No refactoring yet !

A2c8fecfd1fb707dd0a8f292ade77e1e

typefreak

October 28, 2007, October 28, 2007 16:12, permalink

No rating. Login to rate!

I'm not currently refactoring, but I have a few comments:

1: You don't check for user agent * (Only for $my_user_agent)
2: You don't check for allow lines (sometimes a exception for disallowed pages is given in 'allow: ' lines)
3: At the end of the main function, you're using $forbidden a bit strange: (You want a boolean answer, so use true/false. And in this case, as the function is robots_allowed(), I would rather call the variable $allowed instead of $forbidden.)
4: Why is this line?
$disallow_line=str_replace("/", "" ,$disallow_line);
What if a site has
Disallow: /info/secret in its list?
Currently, you'r checking if the requested url contains infosecret, instead of info/secret
5: (related to 4), When checking url's, It isn't wise to use '/' as the delimiter, as the url itself can contain these caracters. Better use # instead.
6: In Read_Content(), if fopen fails, you'll probably get a notice at the return, because $contents isn't set. (Please, don't suppress, but solve)

0706636fd5e30fa66019d7ffacdb5b11

Marco Valtas

October 30, 2007, October 30, 2007 05:20, permalink

1 rating. Login to rate!

Hi, when I saw your code I thought that a class Robot could be useful, the nicest thing was that I found a Perl module (WWW::RobotRules) that do exactly what your code propose but in a OO way.

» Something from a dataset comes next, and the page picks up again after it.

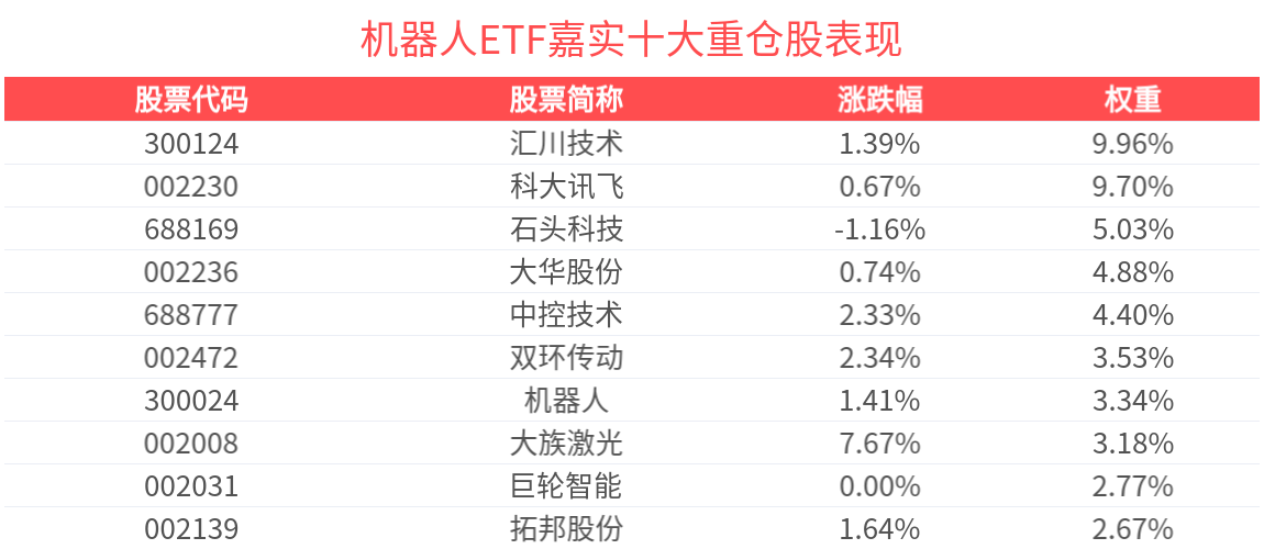 數據顯示,截至2025年6月30日,中證機器人指數前十大權重股分別為匯川技術、科大訊飛、石頭科技、大華股份、中控技術、雙環傳動、機器人、大族激光、巨輪智能、拓邦股份,前十大權重股合計占比49.58%。

What I did was translate the Perl module to PHP. You can tweak around to see if help on your problem. I'm not a professional PHP programmer so maybe some specific optimization can be done.

Some caveats: the regular expression engine PCRE does not allow repeat quantifiers on lookahead assertions. (see: http://www.php.net/manual/en/reference.pcre.pattern.syntax.php) but in the original Perl module were some, actually one, I don't think will differ but keep it in mind (in the function useragent()). I've could not test this code enough so care should be taken.

As you probably will notice I didn't translated all functionality of the original module, there's no time keeping and one object WWW_Robot should e used for only one domain.

Hope this helps.

<?
class WWW_Robot {

  var $url;
  var $useragent = "*";

  // array which we mark the disallowed paths
  var $rules = null;

   /* Should find and parse the robots file,
    * cache the result for ->allowed() subsequent calls.
    * If the file could not be found ->allowed() should
    * return TRUE for any call.
    */
  function parseURL($url_given) {

    // boolean flags...
    $is_me   = false;
    $is_anon = false;
    $me_disallowed   = null;
    $anon_disallowed = null;

    $this->url = parse_url($url_given);

    $robot_file_data = $this->retrieve_robot_file($this->url);

    if(! isset($robot_file_data) ) { // robots.txt not exists

    }
    else { // robots.txt file exists

      foreach(explode("\n",$robot_file_data) as $line) {

        $line = preg_replace("/\015$/", "", $line); // removing CRs if exists.

        if(preg_match("/\s*\#/", $line)) continue; // skipping comments.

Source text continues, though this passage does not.